I don't see that that's a bad thing, because it's a fair way to prevent non-competitive monopolies and to encourage more competition between businesses, while providing real work, not charity, for the laborers who keep up the roads.

Otherwise, the few people who lived and communited on lightly-used roads would have to share an exhorbitant cost to maintain them, and in the end, would probably decide to move where transportation was cheaper.

So, the capitalists with the best locations would continue to get richer, as more people paid to use their roads or rent/buy their houses or business locations nearby. Few people could afford to pay the high tolls to drive to the little stores on the expensive, lightly-used roads, or to commute there to work, so the little businesses and factories would wither away.

It might be a good way to increase efficiency overall, but it would be an even better way enhance the wealth of the .1% who owned the best locations. I like to see wealthy people succeed, but even I think it would be a bit much.

If I already owned, or was rich enough to buy, a strip of flat land between New York and Washington, I'd probably feel differently.
 
Ummm... I know the OWS people are pretty unfocused, but I doubt the issue of the 'gold standard' is something any of them care about.
A surprising number of them demand an end to the federal reserve system, which can only mean a gold standard.
 
where no cop is held accountable for this man's death reinforce that the police are answerable to no one.
Blame Washington law for that one:
Washington law (RCW 9A.16.040) lists 10 different ways in which a peace officer can legally kill someone--one of which states that an officer can do so if he or she has "probable cause to believe that the suspect, if not apprehended, poses a threat of serious physical harm to the officer or a threat of serious physical harm to others."

Birk has long argued that he believed Birk posed a threat as he stood nine feet away giving him dirty looks while holding a dull carving blade. And that is pretty much that.

But to further this point, the law also says: "A public officer or peace officer shall not be held criminally liable for using deadly force without malice and with a good faith belief that such act is justifiable pursuant to this section."
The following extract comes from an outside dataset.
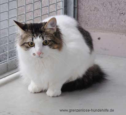 Er ist offen zu anderen Katzen und es wäre toll, wenn er zu einem sozialen, souveränen und verspielten Artgenossen ziehen könnte.
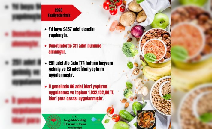 Zonguldak İl Tarım ve Orman Müdürlüğü, 2023 yılı faaliyetleri çerçevesinde yıl boyu 9 bin 457 adet denetimin yapıldığını açıkladı. Denetimlerde 311 adet numune alınırken Alo Gıda 174 hattına gelen 251 şikayetten 23’üne idari yaptırım uygulandığı belirtildi.

In other words, Satterberg would have had to prove that Birk didn't actually believe Williams posed a threat and that he shot him with the direct intention of committing a crime.

Proving what anyone believes is a nearly impossible legal task. Thus, it's the law itself, more than anything else, that's keeping Birk from being held criminally liable for Williams' death.
http://blogs.seattleweekly.com/dailyweekly/2011/02/spd_officer_ian_birk_escapes_c.php
 
A surprising number of them demand an end to the federal reserve system, which can only mean a gold standard.

Not following that logic. I think quite a few would love to end the Fed and continue to use the money in circulation. They are just against the devaluation though counterfeiting.